What Keeps Glenn Beck Up at Night?

What Keeps Glenn Beck Up at Night?

A few weeks back, I was a guest on Glenn Beck‘s radio show. Something interesting happened before we went on the air. He noticed the book I was carrying — Physics for Future Presidents: The Science Behind the Headlines, by the Berkeley physicist Richard A. Muller — and asked me about it. I endorsed it rather enthusiastically. He said it sounded like a book he’d like to read, so I went ahead and gave him my copy (and, yes, Dr. Muller, I ordered another one for myself).

A few days later, one of Beck’s producers e-mailed me to say that Beck too liked the book, and did I have any more recommendations? So I sent him a list, cobbled together from here, here, and from this blog. Then Beck read those books too.

This was the only time I’d ever done an interview and even had someone ask about the book I happened to have with me at the time, much less want to read it, and then read some others. I was pretty impressed. Beck has an awful lot of fans, but he has a lot of detractors too — and my sense is that those detractors have miscast him as a know-nothing villain.

As I was leaving that radio interview, we started talking about safety gear — football helmets, specifically, and how better helmets may lead to worse head injuries, since the extra layers of safety seem to produce more aggressive behavior. That’s when he mentioned his new car, a “death-proof” Mercedes, and he wondered if its amazing safety features were encouraging him to drive more recklessly. (It should be noted that he doesn’t have this new experimental Mercedes, which is apparently even closer to being truly death-proof.)

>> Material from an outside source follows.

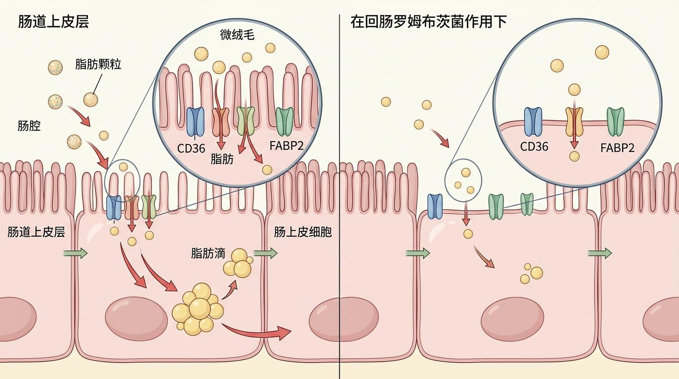 你可以把肠道想象成一条负责运货的传送带,脂肪就是那些要被运进身体的包裹,而CD36和FABP2就是传送带上的‘搬运工’——它们越多,脂肪被搬进去的速度就越快。回肠罗姆布茨菌的厉害之处,就是能让这些‘搬运工’变少。

So I asked him if I could ride home with him one night in his car and talk about these issues. He agreed:

DESCRIPTIONPhoto: Molly Webster Beck and Dubner in the “death-proof” Mercedes.

That interview wound up in our first Freakonomics Radio podcast (which you can get here at iTunes or here via RSS feed; by the way, it is currently the No. 1 podcast at iTunes, so … thanks!).

The podcast conversation focused on Beck’s car, but he is a pretty expansive guy, so we talked about quite a few other things as well — Beck’s own fears, rational and otherwise, and the one thing that keeps him up at night.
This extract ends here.